Counterpart International - History

History

Since its founding in 1965 as the Foundation for the People of the South Pacific (FSP), Counterpart International (Counterpart) has prided itself on the ability to empower people to implement innovative and enduring solutions to social, economic and environmental challenges.

Its founders, Betty, an Australian actress, and Stanley, a Marist priest, ran FSP out of a New York City thrift shop, where Betty's film industry friends donated clothing to help raise money for the programs. In the island nations of the South Pacific, FSP provided local institutions with skills to rebuild infrastructure while offering sustainable solutions to poverty. FSP improved the capacity of local organizations and developed a model of international aid that would become generally accepted as the best practices in development. This form of capacity-building continues to be the framework for the work Counterpart does around the world.

In the early 1970s, FSP facilitated the economic growth of local communities when "profit-making" and "business strategies" were hardly commonplace notions among development organizations. In Samoa, for example, FSP took an age-old proverb seriously – "If you give a man a fish, he eats for a day. If you teach a man to fish, he eats for a lifetime;" instead of only giving Samoans food, FSP offered tools to expand the fishing industry to increase sustainability and profit for the local fishermen and their communities.

When the Soviet Union fell in early 1991, another opportunity emerged for FSP to develop the capacity of local institutions while building sustainable organizations.

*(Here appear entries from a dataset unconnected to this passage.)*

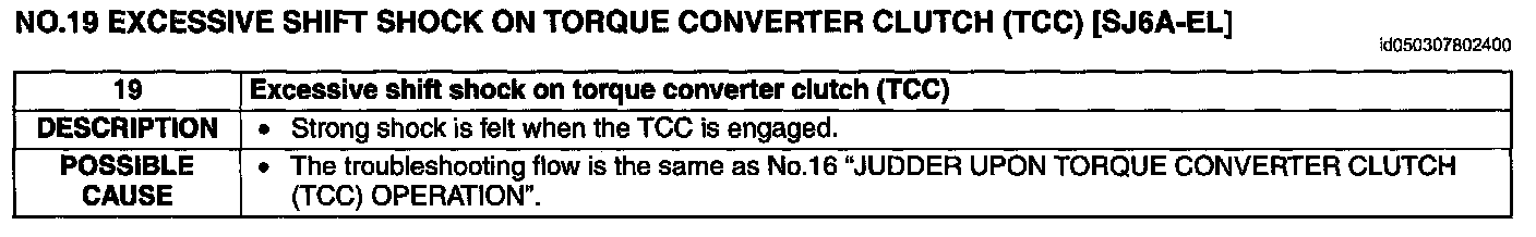 NO.19 EXCESSIVE SHIFT SHOCK ON TORQUE CONVERTER CLUTCH (TCC) [SJ6A-EL]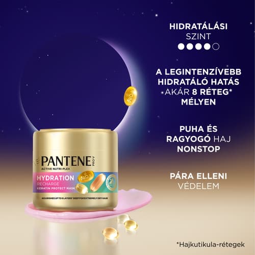Fedezd fel a Pantene Hydration Recharge Keratin Protect hajpakolást, a legintenzívebben hidratáló hajápoló termékünket rendkívül száraz hajra. A mikro-tápanyagokkal dúsított PRO-V és az ACTIVE NUTRI-PLEX technológiával készült formula akár 8 réteg mélyen táplálja a hajad, és óvja azt a párával szemben.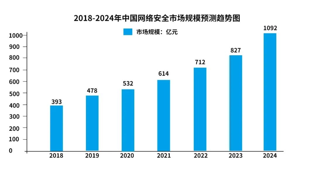當前,網絡安全戰略已成為各國競爭與發展戰略的重要一環,我國網絡安全政策環境也在持續優化,加上企業和個人數字化需求不斷攀升,我國網絡安全市場持續擴大。根據中國網絡安全產業聯盟數據,2022年我國網絡安全市場規模約712億元,預計未來增速仍將保持在15%以上,到2024年市場規模將達到1092億元。
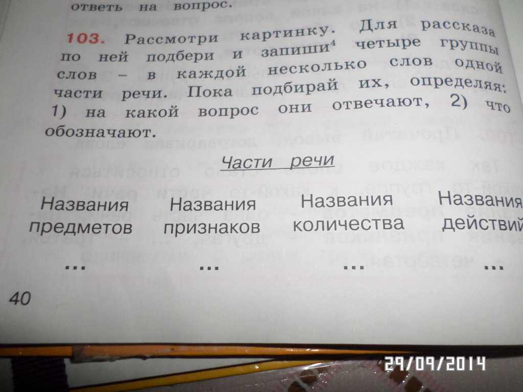 Существительное,затем прилагательное,затем числительное,а затем глагол.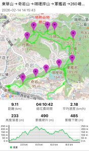 今天行程:MRT唭哩岸→東華山→奇岩山西峰→奇岩山→唭哩岸山西南峰→唭哩岸山→軍艦岩→ 260峰→八頭山→ 湯守岩→大師岩→湯海岩→丹鳳山→MRT石牌。17100步,約10公里,3小時50分鐘(不含休息)。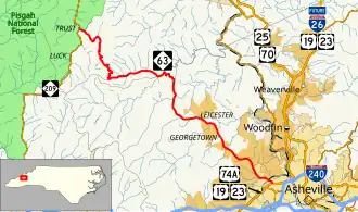 NC 63 is a 26.9-mile (43.3 km) two-lane mountain highway that begins at the community of Trust at NC 209. Going east, it stays along the north bank of the Friezeland Creek before climbing to its highest point at Doggett Gap. It quickly descends down 1,500 ft (460 m) to the mountain valley area below, in what can be described as aggressively twisty. Along the banks of Little Sandymush Creek, it passes through the community of Canto as it enters Buncombe County. After passing by Grassy Knob, NC 63 stops being a hard mountain highway, as it goes through Leicester and finally into Asheville, where it ends at Patton Avenue. Patton Avenue here carries U.S. Routes 19, 23, and 74A.[1]
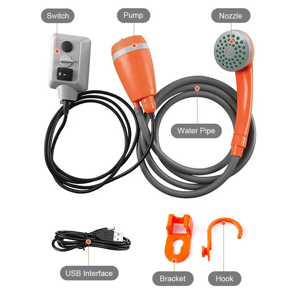 Портативный душ с насосом для дачи и туризма, аккумуляторный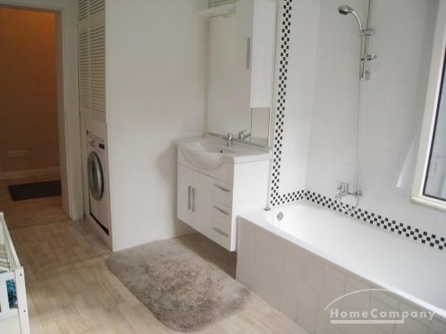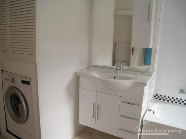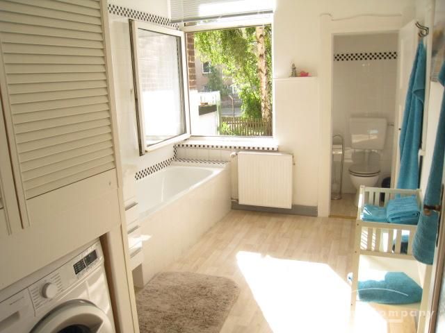 Bathroom with washing machine, separate toilet.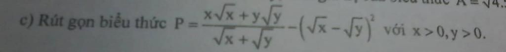 `P=(x\sqrt{x}+y\sqrt{y})/(\sqrt{x}+\sqrt{y})-(\sqrt{x}-\sqrt{y})^2` `(x;y>0)`
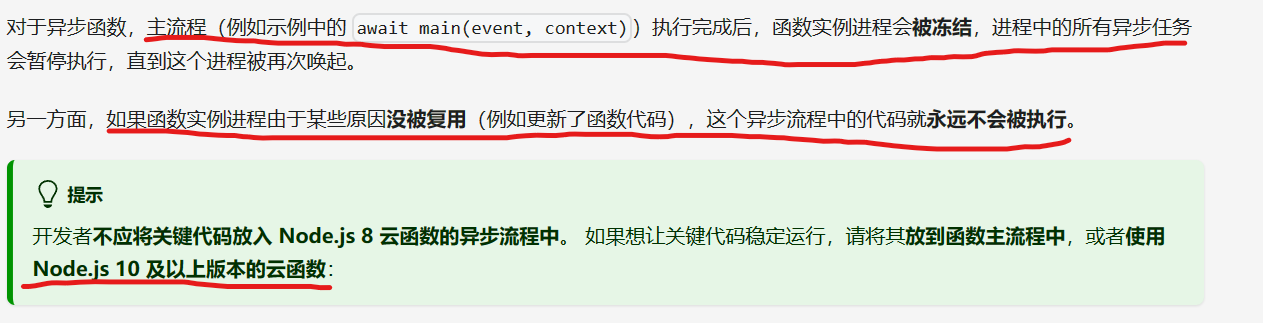 按文档描述,云函数并不是执行完就立马销毁,似乎云函数内可以执行一些短期的异步任务?

What began as a two million dollar niche organization focused on the South Pacific quickly evolved with the shifting cultural, political and economic global needs as Counterpart International.

The name "Counterpart" was chosen in 1992 as the new name for FSP because as Stanley Hosie noted it was a name that "seemed best to express our quintessential mission of identifying and training local leaders in local institutions in a spirit of partnership".

By its statement, the organization offers options and access to tools for sustained social, economic and environmental development and forges strategic partnerships in the public and private sectors.

Counterpart International has programs in the fields of civil society, economic development, environment and conservation, food security and sustainable agriculture, global health and child survival, humanitarian assistance.